» Exercise prompt:
Before copying, set the images aside; then transcribe every entry below exactly.

----- Dataset content

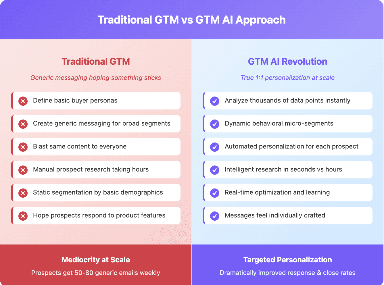 Think about traditional go-to-market approaches. You'd define your ideal customer profile, create some buyer personas, build generic messaging, and blast it out hoping something sticks. Maybe you'd do some basic segmentation by company size or industry.
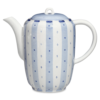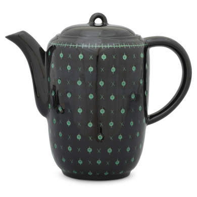 Die Kaffeekanne mit der Formnummer „501“ von Hedwig Bollhagen sorgt ganz sicher für die Extraportion Gemütlichkeit auf der Kaffeetafel. Mit einem Durchmesser von elf Zentimetern, einer Gesamthöhe von 16 Zentimetern und einem Fassungsvermögen von 0,85 Litern ist die 530 Gramm leichte Kaffeekanne nicht zu klein und nicht zu groß. Charakteristisch ist halbrunde, geschweifte Knauf auf dem flachen Deckel. Der zylindrische, oben und unten abgerundete Korpus und die geschweifte Ausgussröhre runden das Design harmonisch ab. Eins ist sicher, ob Muckefuck, Blümchen-Kaffee oder Arabusta, in der Kaffeekanne von Hedwig Bollhagen lassen sich Heißgetränke aller Art stilvoll und formvollendet kredenzen.
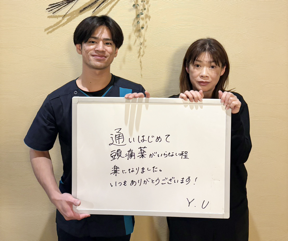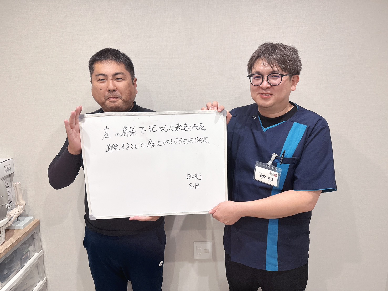 通いはじめて頭痛薬がいらない程楽になりました。いつもありがとうございます!左肩の悩み
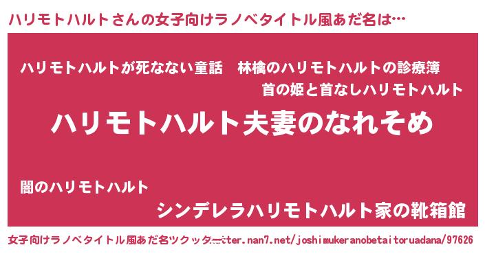 | 男性向けラノベタイトル風あだ名 | 『おまえをオタクにしてやるから、俺をハリモトハルトにしてくれ! 』 |
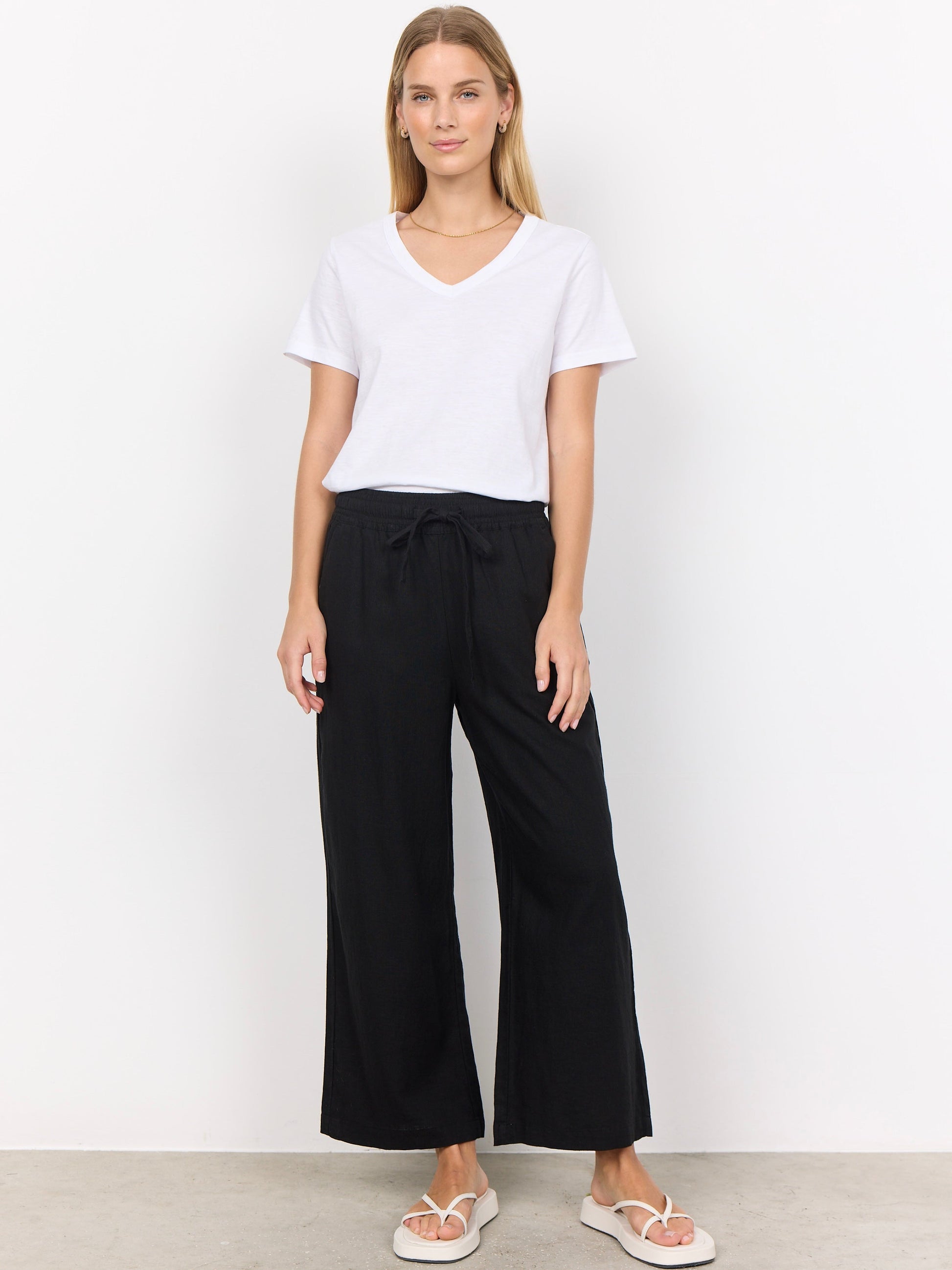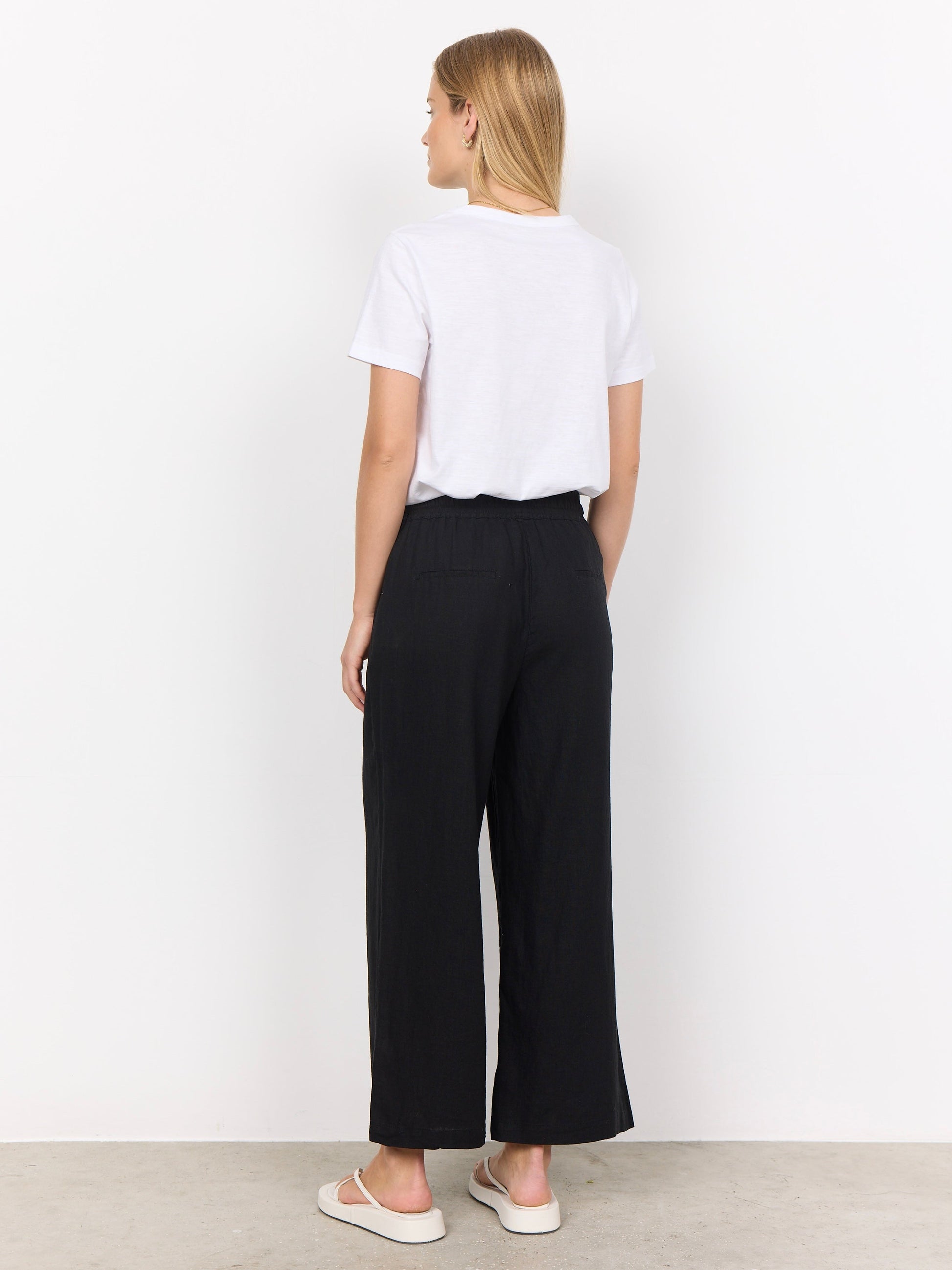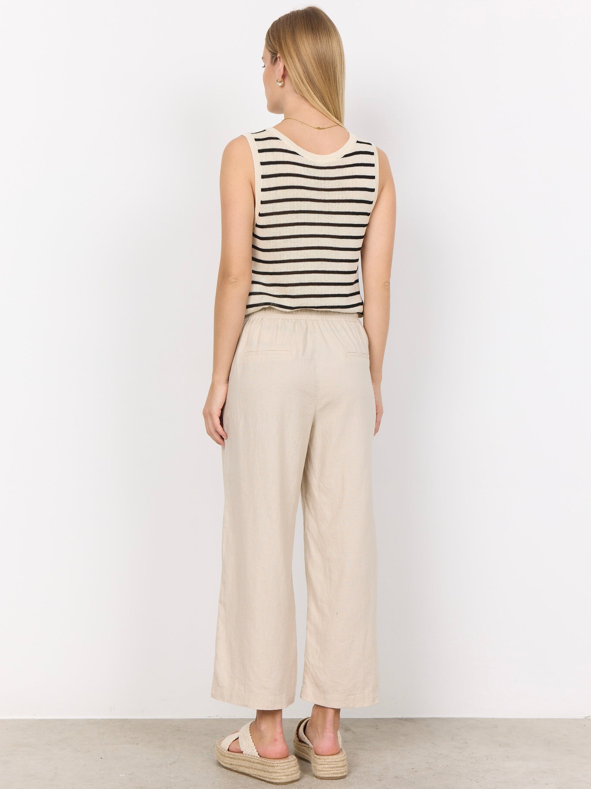 Lässige Hose im Palazzo Stil mit weiten Beinen in 7/8Länge. Sommerliche Leinen/Viskosequalität. Seitliche Eingrifftaschen und angesetztes glattes Bündchen mit Gummizug und Bindeband. Sowohl in der Freizeit als auch ins Büro zu tragen.
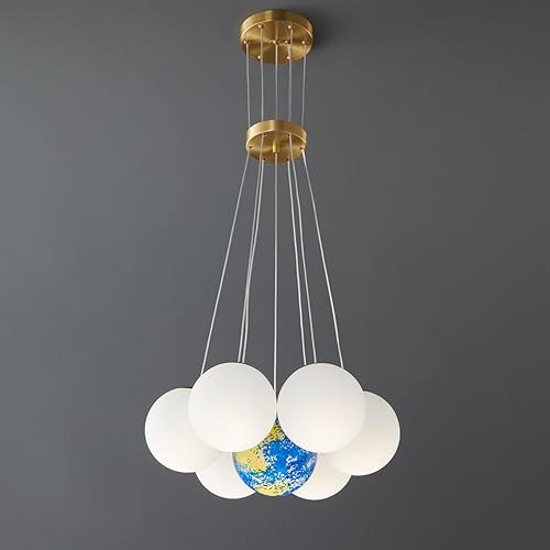 Lustre à bulles en verre dépoli pour table à manger Terre Lune Planète Boule blanche laitière Suspension Nordique Côtier Grande lampe suspendue pour salon, chambre à coucher, chambre d'enfant,
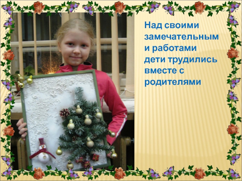 Слайд 13Над своими замечательными работами дети трудились вместе с родителями
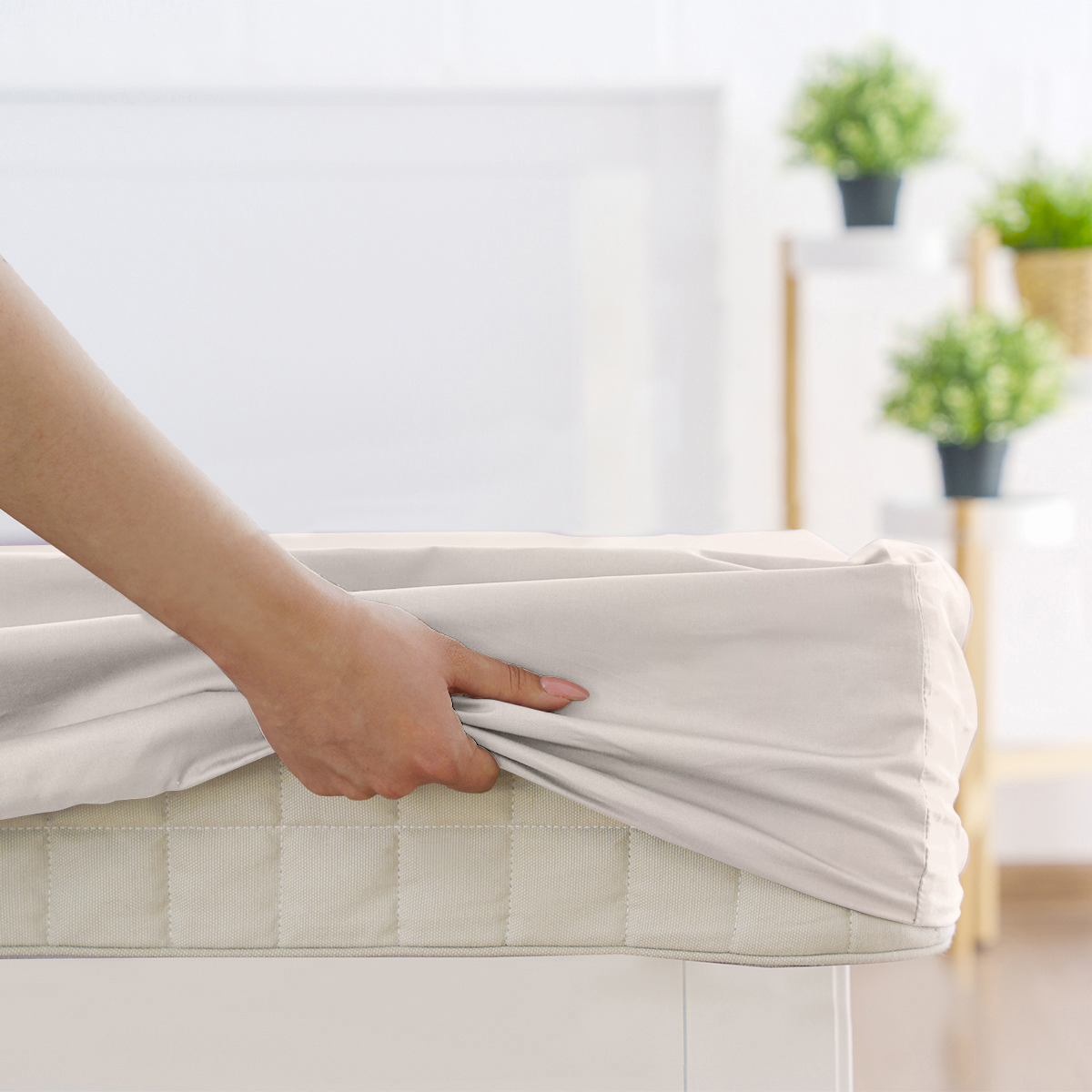 Детали: тонкая резинка по всему периметру простыни для плотной фиксации на матрасе.
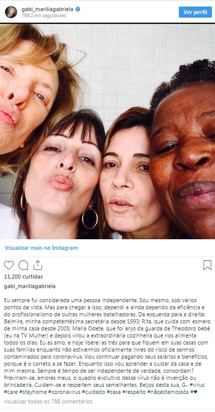A atitude empática da ex-global, que dispensou suas três empregadas, foi elogiada na web. No texto, Gabi conta que sempre teve a ajuda das três mulheres, Belmira, Rita e Maria Odete, durante toda sua vida, mas que nunca é tarde para aprender a se cuidar sozinha.

----------

» Task result:
 Think about traditional go-to-market approaches. You'd define your ideal customer profile, create some buyer personas, build generic messaging, and blast it out hoping something sticks. Maybe you'd do some basic segmentation by company size or industry.
 Die Kaffeekanne mit der Formnummer „501“ von Hedwig Bollhagen sorgt ganz sicher für die Extraportion Gemütlichkeit auf der Kaffeetafel. Mit einem Durchmesser von elf Zentimetern, einer Gesamthöhe von 16 Zentimetern und einem Fassungsvermögen von 0,85 Litern ist die 530 Gramm leichte Kaffeekanne nicht zu klein und nicht zu groß. Charakteristisch ist halbrunde, geschweifte Knauf auf dem flachen Deckel. Der zylindrische, oben und unten abgerundete Korpus und die geschweifte Ausgussröhre runden das Design harmonisch ab. Eins ist sicher, ob Muckefuck, Blümchen-Kaffee oder Arabusta, in der Kaffeekanne von Hedwig Bollhagen lassen sich Heißgetränke aller Art stilvoll und formvollendet kredenzen.
 通いはじめて頭痛薬がいらない程楽になりました。いつもありがとうございます!左肩の悩み
 | 男性向けラノベタイトル風あだ名 | 『おまえをオタクにしてやるから、俺をハリモトハルトにしてくれ! 』 |
 Lässige Hose im Palazzo Stil mit weiten Beinen in 7/8Länge. Sommerliche Leinen/Viskosequalität. Seitliche Eingrifftaschen und angesetztes glattes Bündchen mit Gummizug und Bindeband. Sowohl in der Freizeit als auch ins Büro zu tragen.
 Lustre à bulles en verre dépoli pour table à manger Terre Lune Planète Boule blanche laitière Suspension Nordique Côtier Grande lampe suspendue pour salon, chambre à coucher, chambre d'enfant,
 Слайд 13Над своими замечательными работами дети трудились вместе с родителями
 Детали: тонкая резинка по всему периметру простыни для плотной фиксации на матрасе.
A atitude empática da ex-global, que dispensou suas três empregadas, foi elogiada na web. No texto, Gabi conta que sempre teve a ajuda das três mulheres, Belmira, Rita e Maria Odete, durante toda sua vida, mas que nunca é tarde para aprender a se cuidar sozinha.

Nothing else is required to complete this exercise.